■ **Activity**: Each entry that follows should be set down precisely, with its pictures removed.

*** Opening Provided data ***

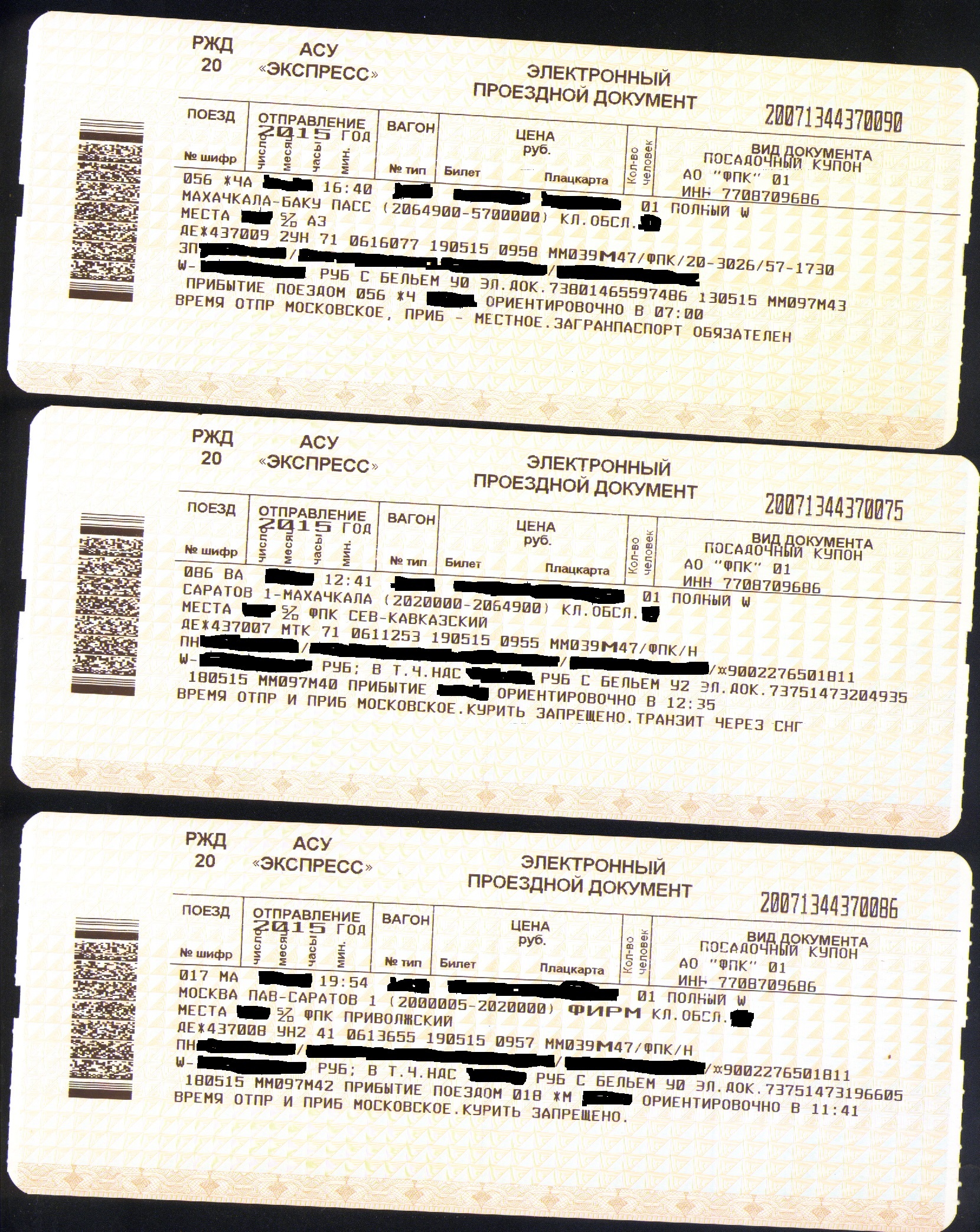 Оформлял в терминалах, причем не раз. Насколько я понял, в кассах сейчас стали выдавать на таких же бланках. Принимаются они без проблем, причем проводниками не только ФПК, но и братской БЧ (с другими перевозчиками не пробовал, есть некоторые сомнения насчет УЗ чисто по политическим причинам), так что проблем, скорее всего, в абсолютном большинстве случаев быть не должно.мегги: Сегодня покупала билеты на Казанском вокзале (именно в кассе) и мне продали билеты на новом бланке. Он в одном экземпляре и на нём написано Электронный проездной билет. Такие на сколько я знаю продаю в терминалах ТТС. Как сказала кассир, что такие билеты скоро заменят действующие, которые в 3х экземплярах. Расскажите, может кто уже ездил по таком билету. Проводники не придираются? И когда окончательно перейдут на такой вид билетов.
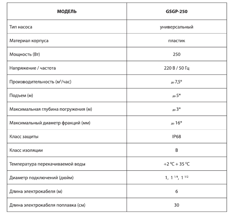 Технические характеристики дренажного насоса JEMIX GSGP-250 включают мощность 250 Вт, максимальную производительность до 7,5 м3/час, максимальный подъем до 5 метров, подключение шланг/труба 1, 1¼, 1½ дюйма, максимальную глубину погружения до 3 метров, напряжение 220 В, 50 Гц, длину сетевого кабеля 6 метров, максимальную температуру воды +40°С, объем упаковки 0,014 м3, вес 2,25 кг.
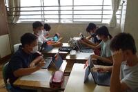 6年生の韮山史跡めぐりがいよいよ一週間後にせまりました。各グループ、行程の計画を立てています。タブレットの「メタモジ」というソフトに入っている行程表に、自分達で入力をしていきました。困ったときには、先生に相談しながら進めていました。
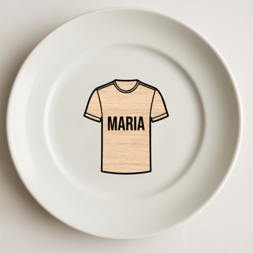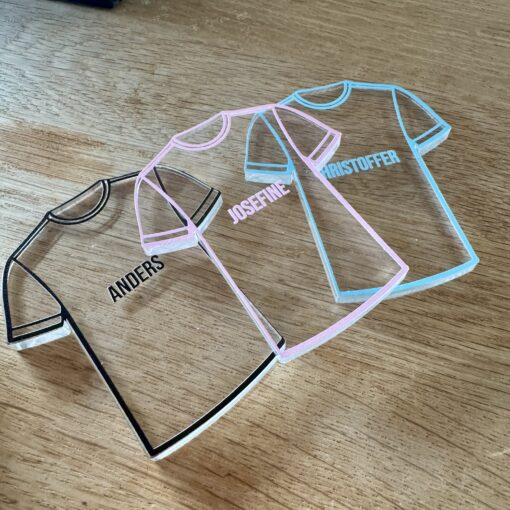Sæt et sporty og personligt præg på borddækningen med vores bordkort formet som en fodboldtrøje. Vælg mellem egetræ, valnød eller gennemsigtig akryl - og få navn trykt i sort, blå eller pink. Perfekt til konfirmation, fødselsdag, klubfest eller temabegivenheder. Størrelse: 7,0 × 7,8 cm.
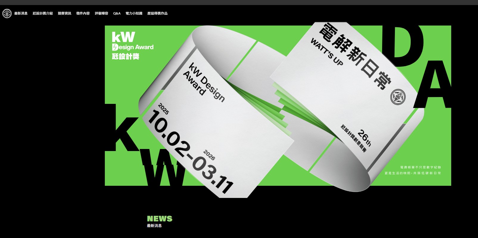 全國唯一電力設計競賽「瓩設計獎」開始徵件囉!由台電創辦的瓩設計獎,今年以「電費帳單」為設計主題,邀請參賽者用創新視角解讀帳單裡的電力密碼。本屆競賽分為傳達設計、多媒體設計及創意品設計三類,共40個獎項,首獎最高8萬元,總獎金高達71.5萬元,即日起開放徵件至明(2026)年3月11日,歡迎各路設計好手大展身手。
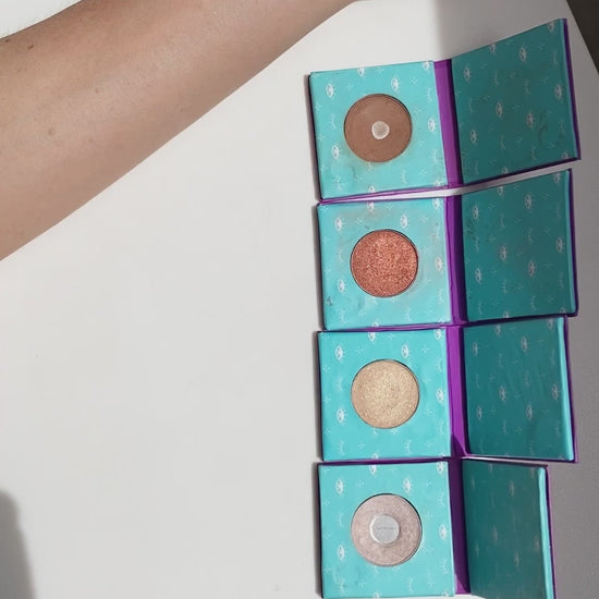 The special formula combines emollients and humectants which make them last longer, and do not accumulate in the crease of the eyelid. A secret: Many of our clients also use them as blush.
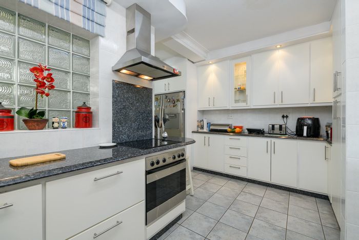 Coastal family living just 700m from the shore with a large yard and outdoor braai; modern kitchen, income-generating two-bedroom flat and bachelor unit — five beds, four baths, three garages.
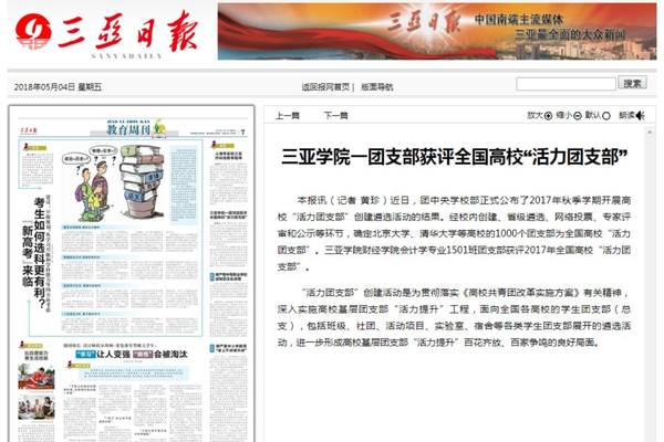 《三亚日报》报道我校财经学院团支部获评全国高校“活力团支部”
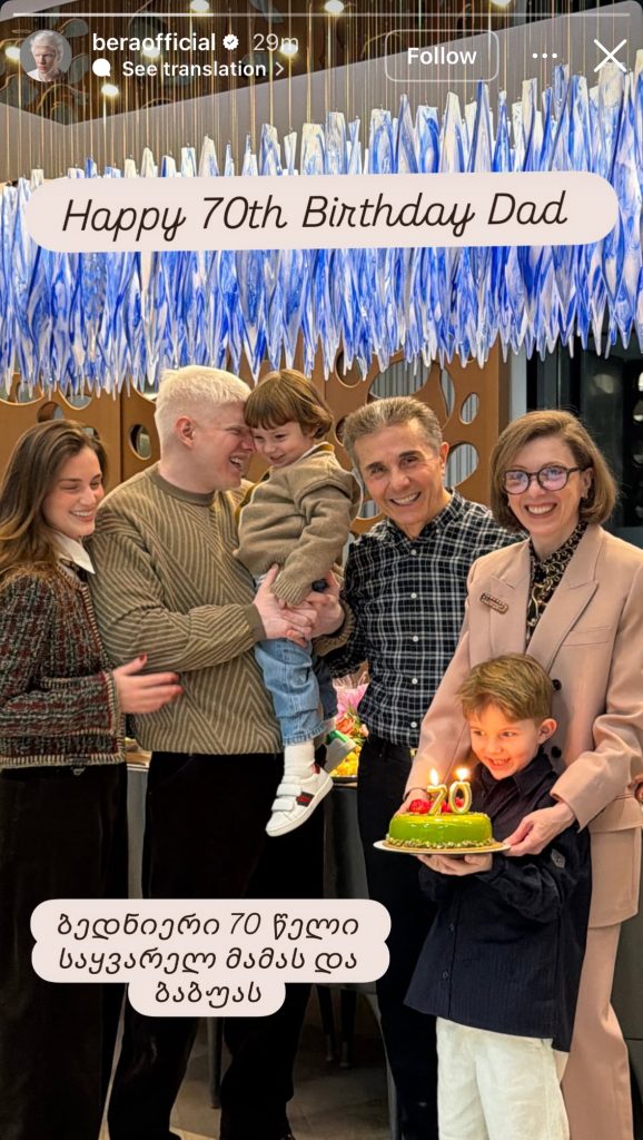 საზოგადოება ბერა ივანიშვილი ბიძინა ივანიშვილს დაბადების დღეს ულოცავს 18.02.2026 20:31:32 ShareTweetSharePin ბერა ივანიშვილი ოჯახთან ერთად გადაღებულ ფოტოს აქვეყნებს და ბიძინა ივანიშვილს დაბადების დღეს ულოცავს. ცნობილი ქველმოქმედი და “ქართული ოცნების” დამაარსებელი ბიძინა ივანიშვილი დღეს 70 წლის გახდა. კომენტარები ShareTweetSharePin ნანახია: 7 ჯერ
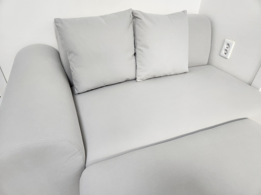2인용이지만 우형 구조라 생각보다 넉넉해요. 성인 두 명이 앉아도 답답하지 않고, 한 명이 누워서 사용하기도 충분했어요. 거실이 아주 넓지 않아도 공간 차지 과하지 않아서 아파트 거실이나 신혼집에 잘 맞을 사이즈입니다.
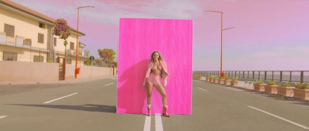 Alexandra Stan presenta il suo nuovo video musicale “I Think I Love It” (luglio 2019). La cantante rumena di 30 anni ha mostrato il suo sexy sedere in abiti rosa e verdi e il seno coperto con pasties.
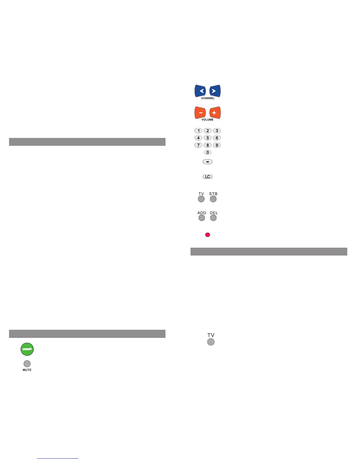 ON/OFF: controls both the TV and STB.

*** Closing Provided data ***

■ **Response to the task**:
 Оформлял в терминалах, причем не раз. Насколько я понял, в кассах сейчас стали выдавать на таких же бланках. Принимаются они без проблем, причем проводниками не только ФПК, но и братской БЧ (с другими перевозчиками не пробовал, есть некоторые сомнения насчет УЗ чисто по политическим причинам), так что проблем, скорее всего, в абсолютном большинстве случаев быть не должно.мегги: Сегодня покупала билеты на Казанском вокзале (именно в кассе) и мне продали билеты на новом бланке. Он в одном экземпляре и на нём написано Электронный проездной билет. Такие на сколько я знаю продаю в терминалах ТТС. Как сказала кассир, что такие билеты скоро заменят действующие, которые в 3х экземплярах. Расскажите, может кто уже ездил по таком билету. Проводники не придираются? И когда окончательно перейдут на такой вид билетов.
 Технические характеристики дренажного насоса JEMIX GSGP-250 включают мощность 250 Вт, максимальную производительность до 7,5 м3/час, максимальный подъем до 5 метров, подключение шланг/труба 1, 1¼, 1½ дюйма, максимальную глубину погружения до 3 метров, напряжение 220 В, 50 Гц, длину сетевого кабеля 6 метров, максимальную температуру воды +40°С, объем упаковки 0,014 м3, вес 2,25 кг.
 6年生の韮山史跡めぐりがいよいよ一週間後にせまりました。各グループ、行程の計画を立てています。タブレットの「メタモジ」というソフトに入っている行程表に、自分達で入力をしていきました。困ったときには、先生に相談しながら進めていました。
Sæt et sporty og personligt præg på borddækningen med vores bordkort formet som en fodboldtrøje. Vælg mellem egetræ, valnød eller gennemsigtig akryl - og få navn trykt i sort, blå eller pink. Perfekt til konfirmation, fødselsdag, klubfest eller temabegivenheder. Størrelse: 7,0 × 7,8 cm.
 全國唯一電力設計競賽「瓩設計獎」開始徵件囉!由台電創辦的瓩設計獎,今年以「電費帳單」為設計主題,邀請參賽者用創新視角解讀帳單裡的電力密碼。本屆競賽分為傳達設計、多媒體設計及創意品設計三類,共40個獎項,首獎最高8萬元,總獎金高達71.5萬元,即日起開放徵件至明(2026)年3月11日,歡迎各路設計好手大展身手。
 The special formula combines emollients and humectants which make them last longer, and do not accumulate in the crease of the eyelid. A secret: Many of our clients also use them as blush.
 Coastal family living just 700m from the shore with a large yard and outdoor braai; modern kitchen, income-generating two-bedroom flat and bachelor unit — five beds, four baths, three garages.
 《三亚日报》报道我校财经学院团支部获评全国高校“活力团支部”
 საზოგადოება ბერა ივანიშვილი ბიძინა ივანიშვილს დაბადების დღეს ულოცავს 18.02.2026 20:31:32 ShareTweetSharePin ბერა ივანიშვილი ოჯახთან ერთად გადაღებულ ფოტოს აქვეყნებს და ბიძინა ივანიშვილს დაბადების დღეს ულოცავს. ცნობილი ქველმოქმედი და “ქართული ოცნების” დამაარსებელი ბიძინა ივანიშვილი დღეს 70 წლის გახდა. კომენტარები ShareTweetSharePin ნანახია: 7 ჯერ
2인용이지만 우형 구조라 생각보다 넉넉해요. 성인 두 명이 앉아도 답답하지 않고, 한 명이 누워서 사용하기도 충분했어요. 거실이 아주 넓지 않아도 공간 차지 과하지 않아서 아파트 거실이나 신혼집에 잘 맞을 사이즈입니다.
 Alexandra Stan presenta il suo nuovo video musicale “I Think I Love It” (luglio 2019). La cantante rumena di 30 anni ha mostrato il suo sexy sedere in abiti rosa e verdi e il seno coperto con pasties.
 ON/OFF: controls both the TV and STB.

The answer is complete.